After a stint in the army from 1957–1959, Tyler relocated to Cleveland in 1960 and began playing with Ayler, commuting between New York and Cleveland.  During that period he got to jam with Ornette Coleman and Sunny Murray. In 1965 he recorded with Ayler’s group Bells and Spirits Rejoice.

Charles recorded his first album as leader in 1966 for ESP-Disk, returned to Indianapolis to study with David Baker at Indiana University between 1967 and 1968, then recorded a second album for ESP titled Eastern Man Alone. In 1968 he transferred to the University of California, Berkeley   to study and teach. In Los Angeles, he worked with Arthur Blythe, Buddy Bradford and David Murray before heading back to New York in 1974, to lead his own freebop groups with Blythe, trumpeter Earl Cross, drummer Steve Reid and others.
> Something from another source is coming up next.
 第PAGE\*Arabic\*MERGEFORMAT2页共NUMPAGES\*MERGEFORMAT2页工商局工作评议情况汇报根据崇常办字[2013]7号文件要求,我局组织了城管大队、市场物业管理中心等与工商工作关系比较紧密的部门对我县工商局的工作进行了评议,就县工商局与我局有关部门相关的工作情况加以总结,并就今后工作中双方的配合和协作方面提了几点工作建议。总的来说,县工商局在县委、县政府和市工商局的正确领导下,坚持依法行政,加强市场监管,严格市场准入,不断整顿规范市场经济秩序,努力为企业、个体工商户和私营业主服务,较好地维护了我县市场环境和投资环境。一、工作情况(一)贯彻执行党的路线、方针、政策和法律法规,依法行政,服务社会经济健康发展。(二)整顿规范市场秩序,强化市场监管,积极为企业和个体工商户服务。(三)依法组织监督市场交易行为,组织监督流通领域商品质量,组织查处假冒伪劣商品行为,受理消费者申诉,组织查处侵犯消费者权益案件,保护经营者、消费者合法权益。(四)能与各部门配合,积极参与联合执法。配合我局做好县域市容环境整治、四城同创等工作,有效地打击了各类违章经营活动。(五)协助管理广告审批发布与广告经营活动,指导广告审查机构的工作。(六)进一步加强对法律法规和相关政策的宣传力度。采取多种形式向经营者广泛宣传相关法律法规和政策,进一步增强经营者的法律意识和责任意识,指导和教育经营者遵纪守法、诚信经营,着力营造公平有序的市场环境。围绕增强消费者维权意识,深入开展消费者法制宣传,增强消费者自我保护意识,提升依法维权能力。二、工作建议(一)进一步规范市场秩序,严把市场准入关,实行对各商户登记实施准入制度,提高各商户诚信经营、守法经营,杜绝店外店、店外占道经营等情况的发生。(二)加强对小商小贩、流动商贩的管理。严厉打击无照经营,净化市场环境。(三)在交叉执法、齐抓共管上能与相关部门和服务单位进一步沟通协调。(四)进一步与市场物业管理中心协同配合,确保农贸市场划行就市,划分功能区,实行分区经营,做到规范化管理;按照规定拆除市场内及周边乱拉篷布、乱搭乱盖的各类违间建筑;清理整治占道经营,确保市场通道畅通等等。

During this period he recorded on his Akba label the album Voyage from Jericho. By 1975, Tyler enrolled at Columbia University and made an extensive tour of Scandinavia releasing his second Akba album Live in Europe. The next year he performed the piece Saga of the Outlaws at Sam Rivers’ Studio Rivbea that was released two years later. He would go on to perform sideman or co-leader duties with Steve Reid, Cecil Taylor, Hal Russell, Wilbur Morris and Billy Bang.

In 1982, during a European tour with the Sun Ra Orchestra, he relocated to Denmark and three years later moved to France, recording with other expatriates like Khan Jamal in Copenhagen and Steve Lacy in Paris. Free jazz alto and baritone saxophonist CharlesTyler died in Toulon, France of heart failure on June 27, 1992.